Centrale Raad van Beroep
In deze zaak gaat het om het hoger beroep van appellante tegen de beëindiging van haar WGA-uitkering door het Uitvoeringsinstituut werknemersverzekeringen (Uwv). Appellante, die als leerling verpleegkundige werkte, had zich in 2008 ziek gemeld met rugklachten als gevolg van een aangeboren afwijking. Na een loongerelateerde WGA-uitkering, die in 2010 was toegekend, werd appellante in 2016 opnieuw beoordeeld. De verzekeringsarts concludeerde dat appellante minder dan 35% arbeidsongeschikt was, wat leidde tot de beëindiging van de uitkering per 1 december 2016. Appellante was het niet eens met deze beslissing en ging in beroep.
De rechtbank Oost-Brabant verklaarde het beroep van appellante ongegrond, waarbij werd vastgesteld dat het medisch onderzoek zorgvuldig was uitgevoerd.

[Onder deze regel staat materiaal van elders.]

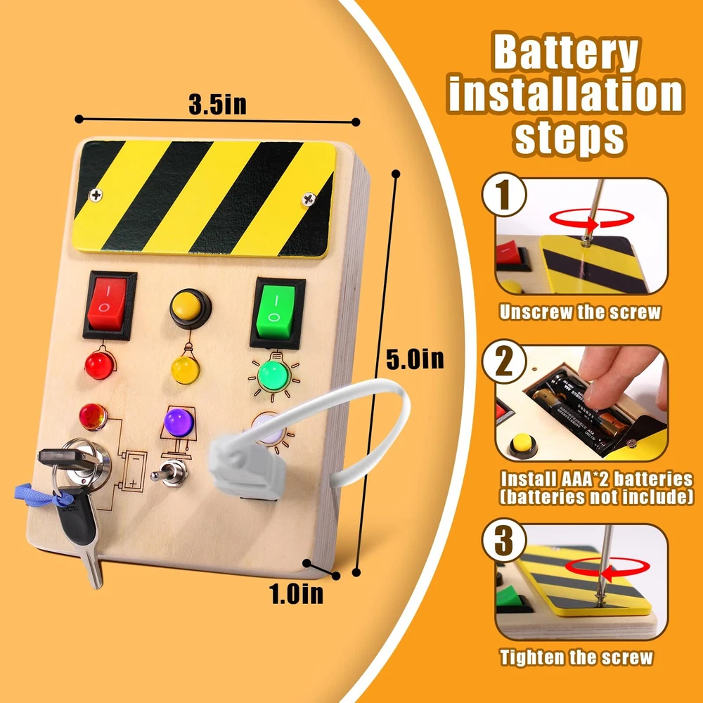 MTTIERY Montessori Busy Board for Toddlers with LED Light Up Switch, Boys Girls Birthday Sensory Toys for 3-13Year Olds 【Educational Learning Toys 】 This wooden busy board improves your child's dexterity, eye and hand coordination for fine motor skills and pure fun. It's a great Montessori toy for toddlers and a great learning and educational toy to replace screen time. 【 Toddler Montessori Busy Board 】This busy board is designed for toddlers who love switches and LED lights. This busy board is set with 10 different switches, each corresponding to a different color or style of LED light. The brightness of each LED is adjusted to be suitable for your baby, not too bright, too harsh or too dark to see.The board also comes with a mirror to keep your child occupied throughout the journey! 【High Quality Sensory Toys】 Our toddler fidget toys are made of eco-wood, the product has smooth edges and all the various buttons, switches and shifters are securely installed. The busy board is high quality and very sturdy. You don't have to worry about your baby breaking it, it is very safe for your child. The light is soft and won't hurt children's eyes 【Fit Size】This product measures 7*6*1 inches. This busy board for 3 year olds is suitable for different scenarios, such as at home, on the airplane, in the car, during travel. It's a perfect travel toy to keep your baby quiet and do their own thing. 【Ideal Perfect Gift】This Montessori busy board is the perfect birthday Christmas gift for your child. Toddlers can use this toddler busy board to identify different colors and sizes. Designed to turn the boring learning process into a creative and fun one. Please bring your own 2 x 7 batteries before use 【Educational Learning Toys 】 This wooden busy board improves your child's dexterity, eye and hand coordination for fine motor skills and pure fun. It's a great Montessori toy for toddlers and a great learning and educational toy to replace screen time. 【 Toddler Montessori Busy Board 】This busy board is designed for toddlers who love switches and LED lights. This busy board is set with 10 different switches, each corresponding to a different color or style of LED light. The brightness of each LED is adjusted to be suitable for your baby, not too bright, too harsh or too dark to see.The board also comes with a mirror to keep your child occupied throughout the journey! 【High Quality Sensory Toys】 Our toddler fidget toys are made of eco-wood, the product has smooth edges and all the various buttons, switches and shifters are securely installed. The busy board is high quality and very sturdy. You don't have to worry about your baby breaking it, it is very safe for your child. The light is soft and won't hurt children's eyes 【Fit Size】This product measures 7*6*1 inches. This busy board for 3 year olds is suitable for different scenarios, such as at home, on the airplane, in the car, during travel. It's a perfect travel toy to keep your baby quiet and do their own thing. 【Ideal Perfect Gift】This Montessori busy board is the perfect birthday Christmas gift for your child. Toddlers can use this toddler busy board to identify different colors and sizes. Designed to turn the boring learning process into a creative and fun one. Please bring your own 2 x 7 batteries before use Shipping from the USA All of our products are shipped from the USA, ensuring quick delivery to your destination. Payment We offer the following payment methods: PayPal, credit card, bank transfer, and eBay's secure payment system. Free Shipping & Free Returns Shipping within the USA is FREE. Additionally, any return is absolutely free for you. Risk-Free Purchase You have the option to return an item within 30 days without any justification. We cover the return shipping costs! Fast Shipping We ship immediately upon receipt of payment. Generally, the package is delivered within 2-3 days in the USA. If it takes longer, we will contact you. Quality and Costs Made in Europe, USA, China No customs fees or additional charges Total satisfaction guarantee Invoice with declared VAT available upon request in .pdf format Feedback Your feedback is very important to us. After you pay for your purchase, you will automatically receive positive feedback from us.

In hoger beroep herhaalde appellante haar standpunt dat zij meer beperkingen had dan in de Functionele Mogelijkhedenlijst (FML) was vastgelegd. Het Uwv verdedigde de eerdere beslissing en voegde aanvullende rapporten toe ter ondersteuning van hun standpunt.
De Centrale Raad van Beroep oordeelde dat de rechtbank terecht had geoordeeld dat het Uwv de mate van arbeidsongeschiktheid correct had vastgesteld. De Raad volgde de conclusie dat de FML adequaat was en dat de geselecteerde functies medisch geschikt waren voor appellante. Het hoger beroep werd afgewezen, en er werd geen schadevergoeding of proceskostenvergoeding toegekend.